» **Extracted records**
##############################
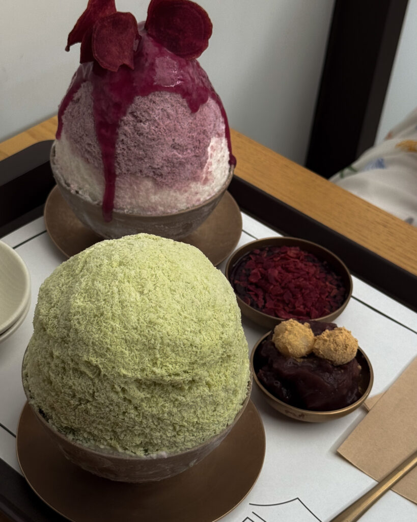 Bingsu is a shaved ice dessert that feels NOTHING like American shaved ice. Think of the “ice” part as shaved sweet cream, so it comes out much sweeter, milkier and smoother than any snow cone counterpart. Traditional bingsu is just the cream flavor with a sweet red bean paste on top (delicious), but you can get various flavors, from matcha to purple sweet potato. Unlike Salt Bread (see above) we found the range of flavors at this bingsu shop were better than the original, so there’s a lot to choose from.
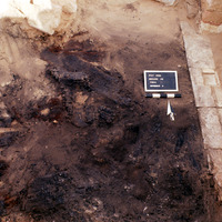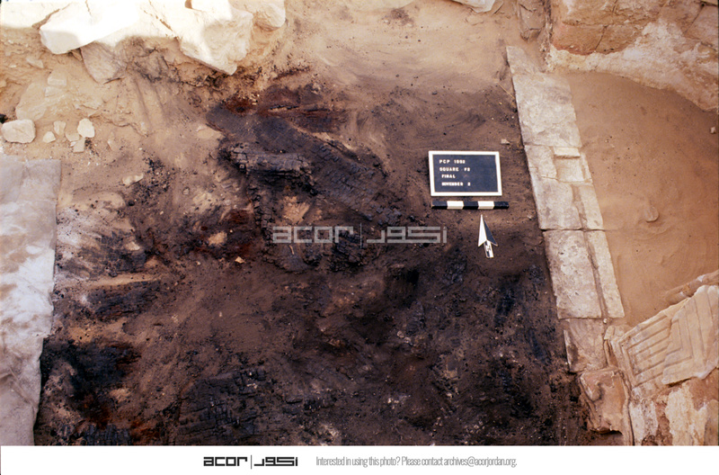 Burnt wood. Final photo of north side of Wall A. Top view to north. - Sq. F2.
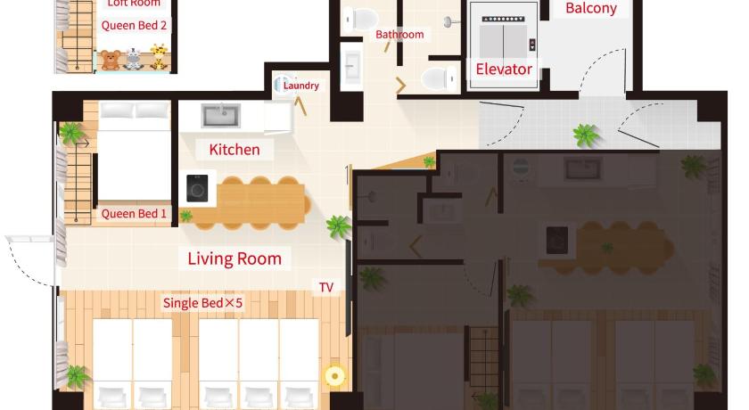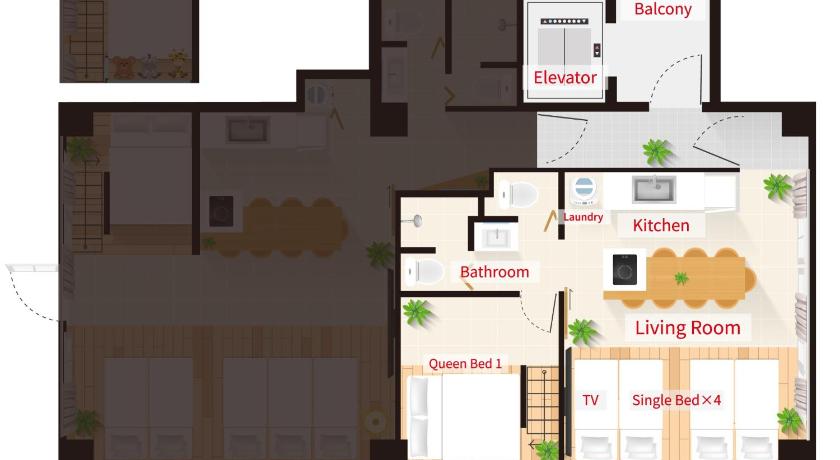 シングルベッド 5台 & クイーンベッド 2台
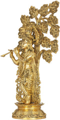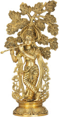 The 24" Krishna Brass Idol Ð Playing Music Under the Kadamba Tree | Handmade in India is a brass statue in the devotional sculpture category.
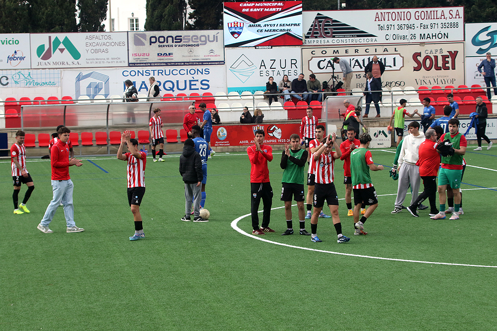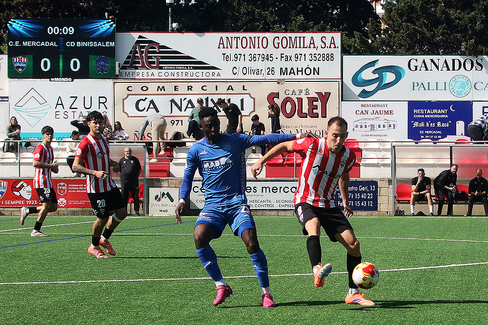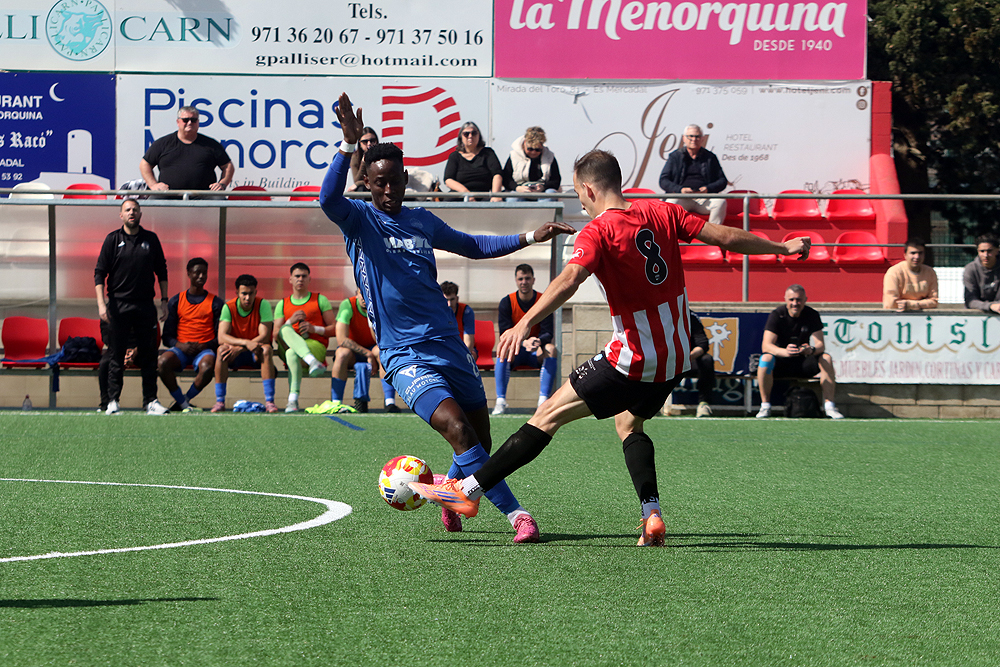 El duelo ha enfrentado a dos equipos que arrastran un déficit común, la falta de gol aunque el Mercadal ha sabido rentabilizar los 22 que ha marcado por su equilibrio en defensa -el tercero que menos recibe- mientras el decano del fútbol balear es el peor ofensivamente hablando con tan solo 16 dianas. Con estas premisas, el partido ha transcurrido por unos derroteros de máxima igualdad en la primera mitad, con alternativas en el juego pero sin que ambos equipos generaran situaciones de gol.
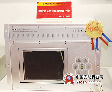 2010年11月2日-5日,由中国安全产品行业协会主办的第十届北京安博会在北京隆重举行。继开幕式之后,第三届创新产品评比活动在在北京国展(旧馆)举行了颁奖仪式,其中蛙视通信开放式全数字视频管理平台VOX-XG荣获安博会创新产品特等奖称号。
##############################
» **Exercise goal**
Return every entry above exactly as written, with no pictures included.

» **Solution**
 Bingsu is a shaved ice dessert that feels NOTHING like American shaved ice. Think of the “ice” part as shaved sweet cream, so it comes out much sweeter, milkier and smoother than any snow cone counterpart. Traditional bingsu is just the cream flavor with a sweet red bean paste on top (delicious), but you can get various flavors, from matcha to purple sweet potato. Unlike Salt Bread (see above) we found the range of flavors at this bingsu shop were better than the original, so there’s a lot to choose from.
 Burnt wood. Final photo of north side of Wall A. Top view to north. - Sq. F2.
 シングルベッド 5台 & クイーンベッド 2台
 The 24" Krishna Brass Idol Ð Playing Music Under the Kadamba Tree | Handmade in India is a brass statue in the devotional sculpture category.
 El duelo ha enfrentado a dos equipos que arrastran un déficit común, la falta de gol aunque el Mercadal ha sabido rentabilizar los 22 que ha marcado por su equilibrio en defensa -el tercero que menos recibe- mientras el decano del fútbol balear es el peor ofensivamente hablando con tan solo 16 dianas. Con estas premisas, el partido ha transcurrido por unos derroteros de máxima igualdad en la primera mitad, con alternativas en el juego pero sin que ambos equipos generaran situaciones de gol.
 2010年11月2日-5日,由中国安全产品行业协会主办的第十届北京安博会在北京隆重举行。继开幕式之后,第三届创新产品评比活动在在北京国展(旧馆)举行了颁奖仪式,其中蛙视通信开放式全数字视频管理平台VOX-XG荣获安博会创新产品特等奖称号。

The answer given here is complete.